Rob left and a few days later, he and I went to Galveston to shovel the thick gooey sand and mud that was under the house and on the driveway. There were also mounds of debris to pick up. Golf clubs, rowboats, boards from destroyed decks, picnic tables, chairs, canned food, dishes, and toys had washed up from other houses.
We brought our own drinking water and a cooler packed with food since there were still no services. We had had tetanus shots – rusty nails were everywhere – and wore boots and long pants in spite of the boiling heat. We had been warned about rattlesnakes that were stirred up after the trauma of the storm. The island hospital was closed and if bitten, it would take about an hour and half to get to the closest hospital. “Good luck,” my doctor’s nurse had said when I’d asked what we should do if either of us was bitten by a snake.

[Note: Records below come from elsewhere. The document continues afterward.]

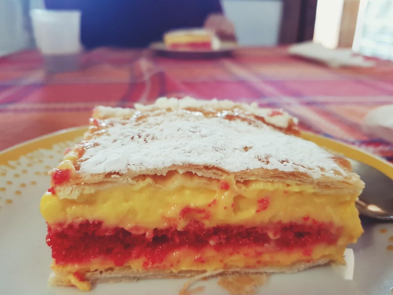 Mettere su un piatto la sfoglia , mettere la crema diplomatica e sopra le fettine di pan di Spagna, bagnarle con alchermes diluito e rimette sopra la crema chiudere il tutto con l ultima sfoglia e spolverizzate con zucchero a velo
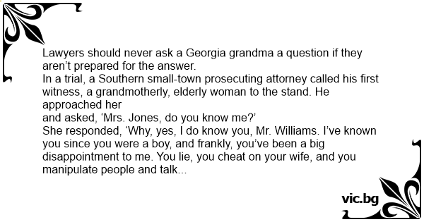 Lawyers should never ask a Georgia grandma a question if they aren’t prepared for the answer.
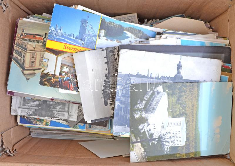 Leírás: 1.000-1.500 vegyes modern képeslap karton dobozban
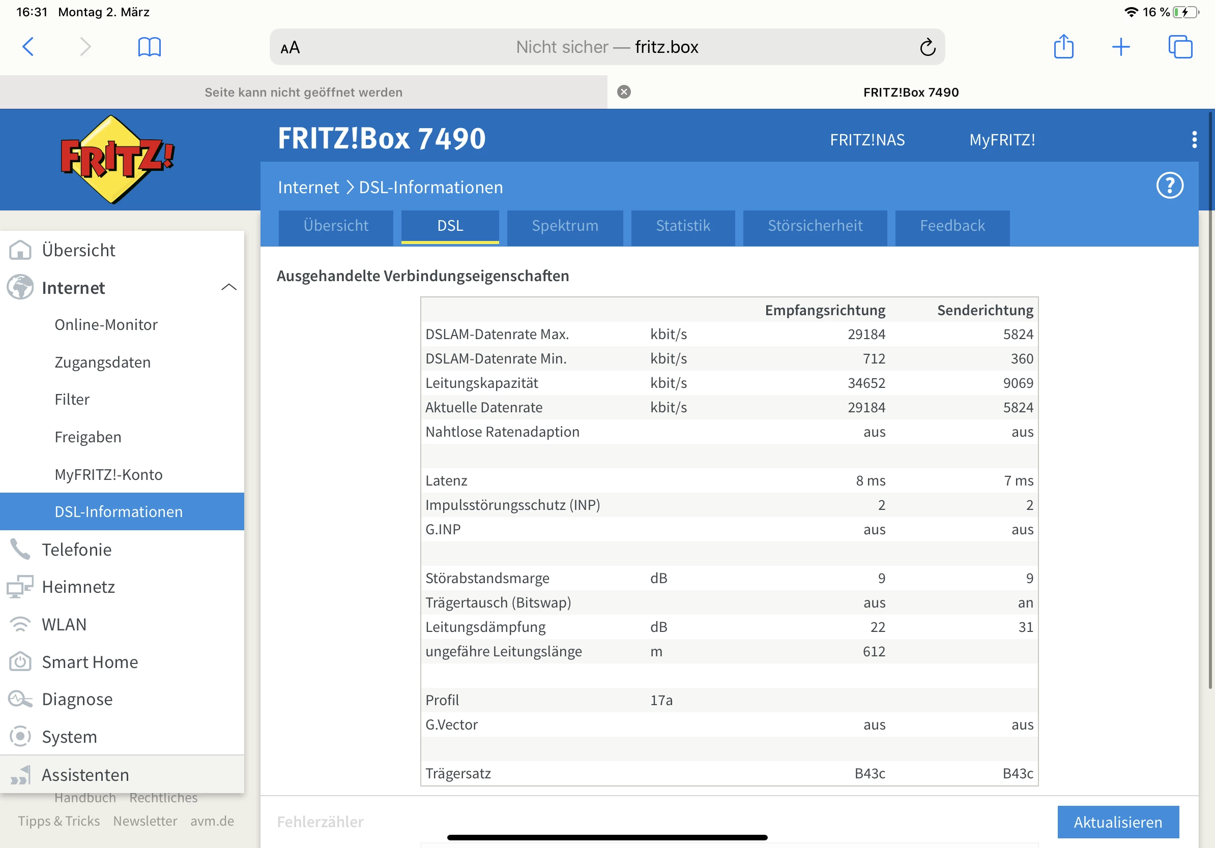 Kennt jemand so ein Profil? Ich hatte jahrelang nur 25,4 weil die Leitung zu schlecht ist.
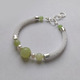 Оформлен фурнитурой под серебро. Браслет держит форму благодаря проволоке с памятью. Застегивается при помощи карабина и цепочки.
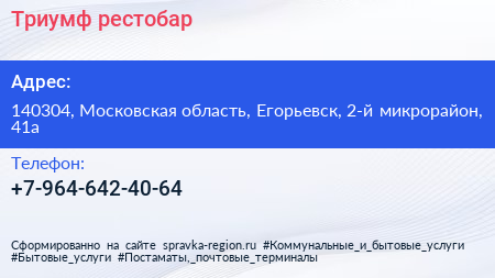Триумф, рестобар по адресу 140304, Московская область, Егорьевск, 2-й микрорайон, 41а в дальнейшем Организация, размещена в следующих категориях:

It was about a month before electricity and water services were restored. Some businesses were able to open quickly while others took several years. People whose homes were inhabitable lived in small trailers for up to two years. Disputes over insurance claims delayed the rebuilding efforts. Some people left, even those who had lived all their lives in Galveston. But many stayed, determined to start again. That was a decade ago, and we still measure time as before and after Ike.
I now live in Galveston. Like many of us who live near the Gulf, I understand the force of hurricanes and know there will be more. But this is home, and we’ve weathered hurricanes before. We know what to do. We roll up the rugs, move inland, and hunker down.